Anyangwe said, as the Malawi Vision 2020 expires in less than two years’ time, the 2018 census presents Malawi with a great opportunity to update its vision or create a new vision that is informed by reliable national statistics.

“We are all aware that a census is among the most complex and massive peacetime exercises a nation undertakes. It does not merely count people; it also measures fertility, mortality and movement, helping to predict demographic trends.
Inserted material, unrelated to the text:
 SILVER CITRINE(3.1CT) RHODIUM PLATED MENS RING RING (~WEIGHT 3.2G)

And it can uncover inequalities in employment, education and wealth.

“Therefore, government’s efforts to address growing inequalities, especially among the poor, will largely depend on this data,” Anyangwe said as quoted by the Daily Times.

The National Statistical Office (NSO) needs about MK14.6 billion but currently has about K13.2 billion for the September activity and the UN expressed hope that more development partners would come on board to fill the budget gap.
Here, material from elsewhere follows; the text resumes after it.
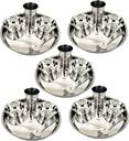 Multipurpose lunch and dinner set for everyday use The fine finish and design makes it to look elegant and can be used in parties and dinner and it can also be used as gifting for with the dinner set. Per Set contains 1 Piece Thali , 2 medium size Bowls , 1 Piece Drinking Glass and 1 Piece Spoon ( Wt 460 gm / set) Made From High Quality Stainless Steel , Resistant To Corrosion Edge Cracking Free Steel Best option for Gifting in any festival or occasions also (Package Contents:- 5 Piece Set (Sets as per selected)

Finance, Economic Planning and Development Minister, Goodall Gondwe, said precise data is crucial in development planning, adding that the government is confident that NSO will do a good job in the exercise to be conducted under the theme ‘Be counted – Leave No One Behind’.

Gondwe said it is important to prepare people on the questions that will be asked for them to be cooperative.

“There are some questions which will need people’s honest answers if our data is to help us make right decisions,” Gondwe said.

Commissioner of Statistics, Mercy Kanyuka, said the main aim of census communication and publicity campaign is to sensitise the public to the purpose of the census and to ensure the cooperation of people in providing complete and accurate data.

“A well-planned publicity campaign is essential to create a favourable environment for the collection of census data,” Kanyuka said.

She also said several aspects of communication have been considered and special attention has been paid to areas with cultural problems such as the existence of bloodsucking myths.

NSO is expected to employ 20,000 enumerators and 5,000 supervisors for the exercise, which will use handheld electronic gadgets, including tablets, in capturing of data.